Да, алфавит — великий и важный почин. Минуя его, невозможно подступиться к письменности. Но он — только первый начаток, первый шаг во врата письменной речи. А дальше что? Дальше, за звукорядом, за алфавитным строем у славян, как и у всех письменных и бесписьменных народов, должно непременно стоять собственное строение по имени… грамматика. Пусть язык ещё без письма собственного обходится, но значит ли это, что грамматическое устройство у него отсутствует? Такие пустоты просто невозможны в человеческой природе. Не будь грамматики, любой язык тотчас бы развалился. Люди даже одного племени, одной семьи вдруг перестали бы разуметь друг друга, лишились бы рассудка, разбежались кто куда от стыда или от ужаса. Что такое грамматика как не великий свод законов, управляющих всякой человеческой речью? Мы можем пока что ни одного из этих законов не знать по имени и по сути его, но всё равно они существуют и подсказывают нам говорить или писать так, а не иначе. Подсказывает же мать младенцу, как правильно произносить самые первые слова. Она может и сама не знать этих законов, но подсказывает, потому что и ей во младенческие её дни мать или нянька подсказывала. Ласточка не знает, как вылепить гнездо, но почему-то обязательно прилепляет его к стене и выводит полукруглой чашечкой, а не в виде кубика. И пчёлы лепят соты и приносят мёд каждая в свою ячею, а не сливают его как попало в порожнее дупло.
В том, как собрано, как слеплено одно-единственное слово, обнаруживается уже несколько обязательных, неотменяемых правил, знаем мы их или нет. А за тем, как несколько слов собраны в предложение, стоит уже почти вся грамматика. Стоят склонения, спряжения, соподчинения, связи, скрепы-союзы. И везде есть иерархия, пусть большинство из нас и не догадывается, что она и здесь присутствует. Даже в отдельно взятом слове есть неизменная основа и служащие, приданные ей части. Так и в предложении — главная и служащие, подчинённые ей, дополняющие её части. И непременно есть между ними всеми уговор, согласованность, обязанности, помощь друг другу. Есть общее дружное старание о том, чтобы родился достойный существования смысл. Вот за всем этим и во всём этом — Божественная власть и красота грамматики.
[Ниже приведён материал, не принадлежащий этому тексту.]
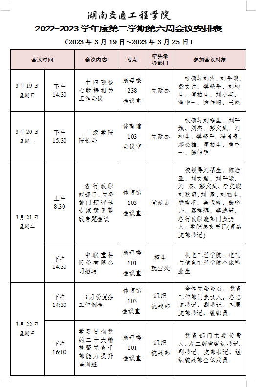 bevictor伟德官网2022-2023学年度第二学期第六周会议安排表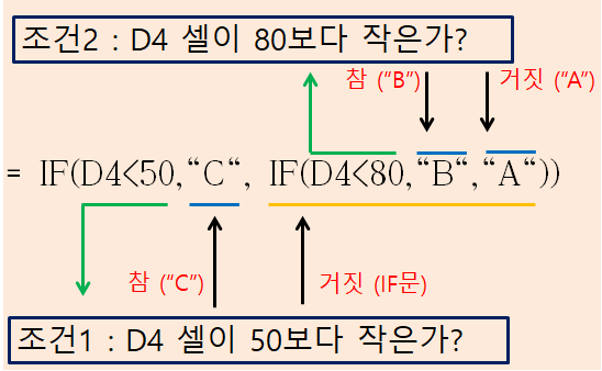 첫 번째 IF 함수에서 조건을 충족하지 못하는 경우 다음 IF 함수에서 조건에 따라 처리하도록 작성된다.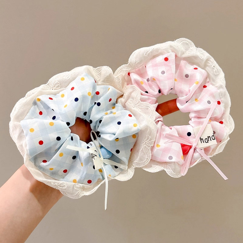 甜美波点爱心大肠发圈少女心蝴蝶结扎马尾头发绳蕾丝花边皮筋发饰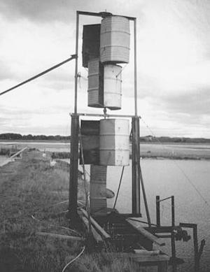 They rounded up four empty 44-gal. drums and cut them all in half lengthwise, giving them eight halves. They constructed a tower about 20 ft. tall using 2-in. steel pipe with 1 1/2-in. pipe for bracing.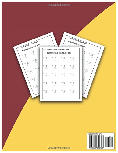 Triple digit Addition and Subtraction Practice Workbook, Reproducible Practice Problems for Kids Grades 3-5.This math workbook contains 2400 triple digit addition and subtraction practice problems with regrouping.This book is great for your kids to practice math problems.There are no answer keys for these tests. Children can utilize the 120 pages of planned tests to get trust in Math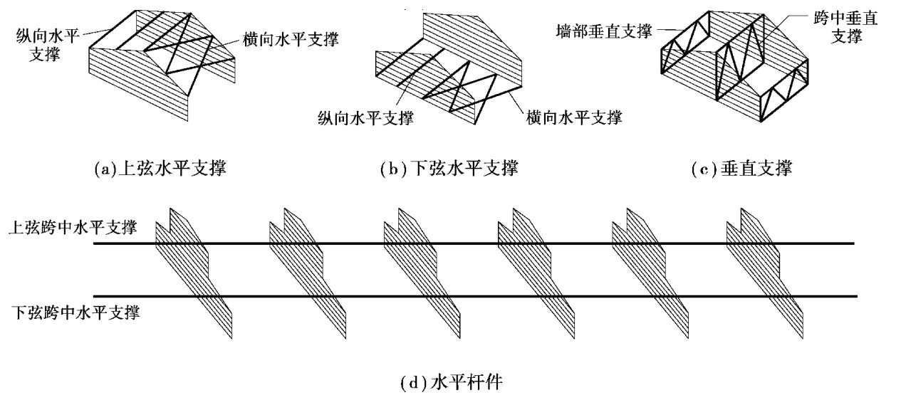 包括上、下弦横向水平支撑,上、下弦纵向水平支撑,垂直支撑和水平系杆(加劲杆)等(图15.19)。 横向水平支撑和垂直支撑一般布置在厂房端部和伸缩缝两侧的第二或第一柱间上。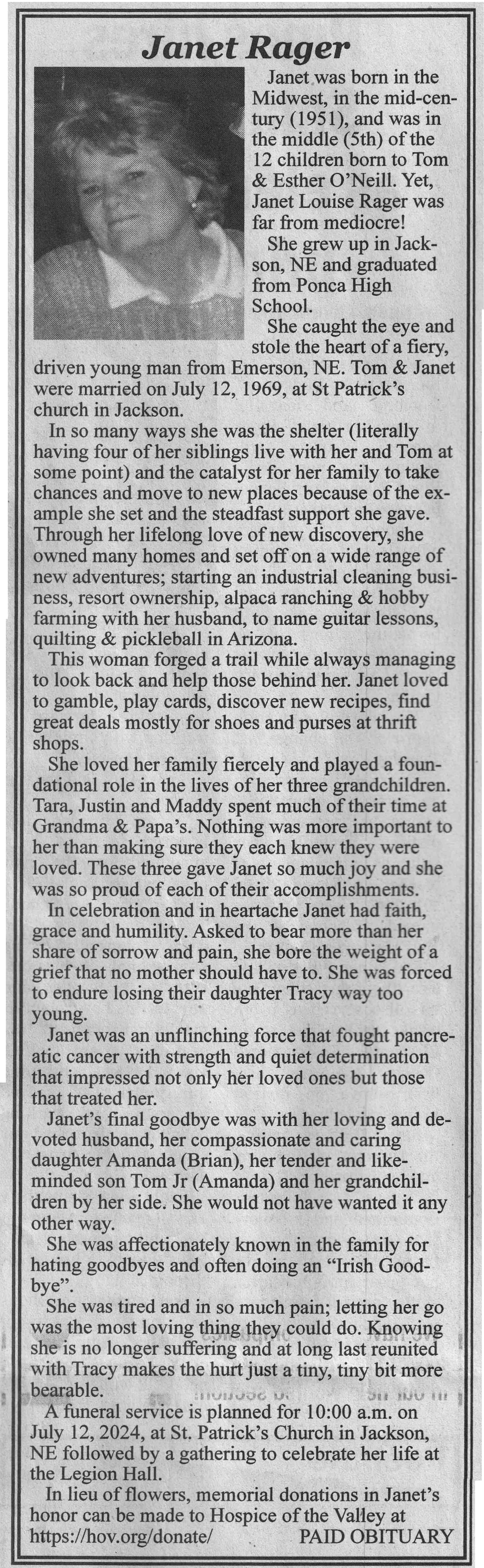 | Rager | Janet (O'Neill) | 1951 | c Apr 2024 | VCNR | 01 May 2024 | 4A |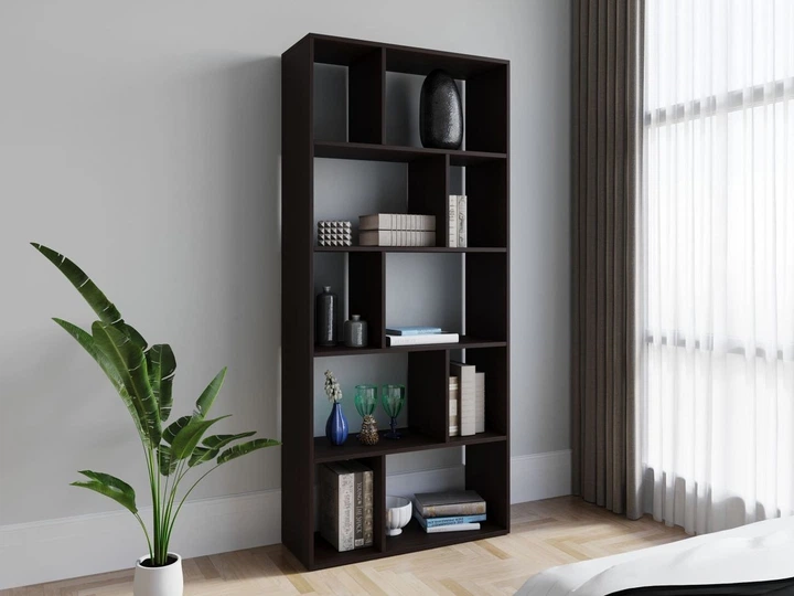 Стелаж-перегородка DrevoGoods вузький, посилений, підлоговий / пристінний для дому та офісу на 6 полиць, 10 комірок для збер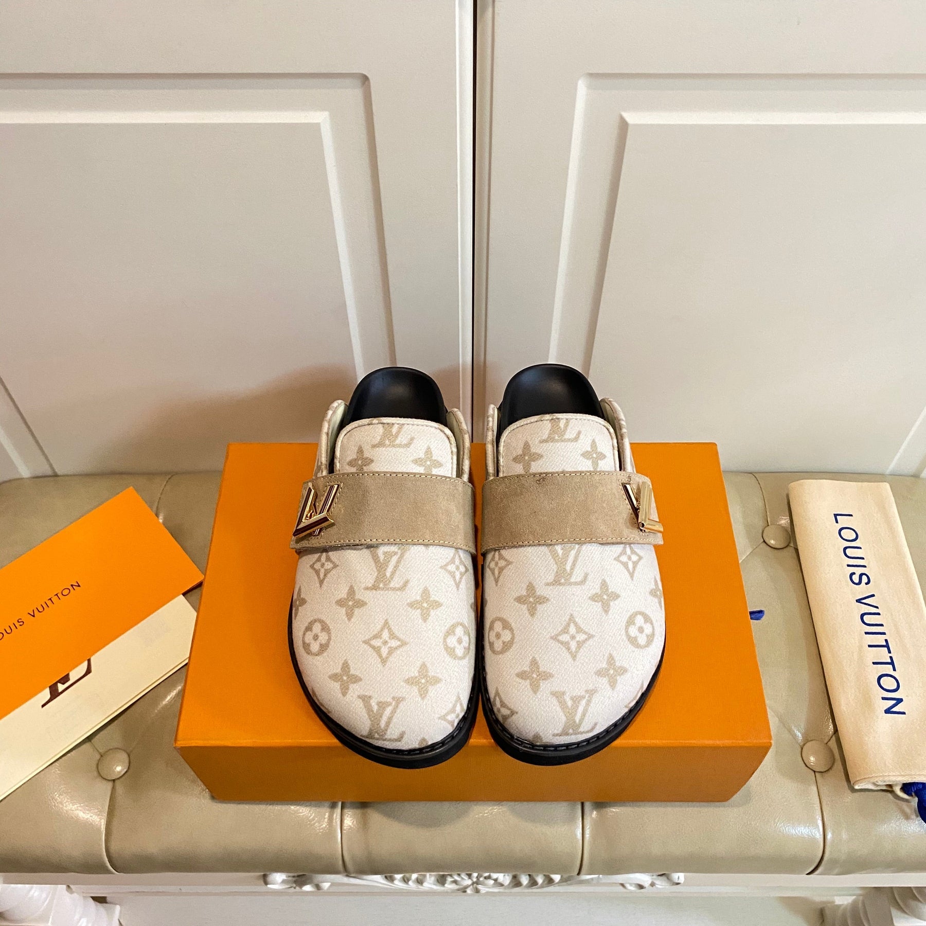 COSY FLAT COMFORT CLOG IN BEIGE MONOGRAM FABRIC

В самые последние дни декабря 858 года монастыри Малого Олимпа облетела весть совершенно неожиданная, многих сильно смутившая: в Константинополе только что объявлен новый патриарх. Прежний, Игнатий, лишён власти, на трон первоиерарха церкви возвели Фотия. Его имя старым насельникам Горы почти ничего не говорило, поскольку человек этот до самого недавнего времени к церковной иерархии никакого отношения не имел. Немало удивлён был и Константин, знавший Фотия как самого выдающегося из своих учителей в придворной школе, который к тому же в разные годы занимал высокие светские должности.
Сочувственники отстранённого Игнатия, а их на Горе оказалось немало, быстро выведали причину чрезвычайных перемен. При этом опять всплыло имя кесаря Варды, и монахи тут же вспомнили о его причастности к убийству логофета Феоктиста. Говорили, что Игнатий, пытаясь усовестить распутного Варду, недавно наотрез отказал ему в церковном причастии. Такой повод для отстранения патриарха выглядел бы слишком скандальным, похожим на мелочную месть, и, похоже, кесарь постарался найти какие-то более весомые доводы, чтобы ост-растить упрямца.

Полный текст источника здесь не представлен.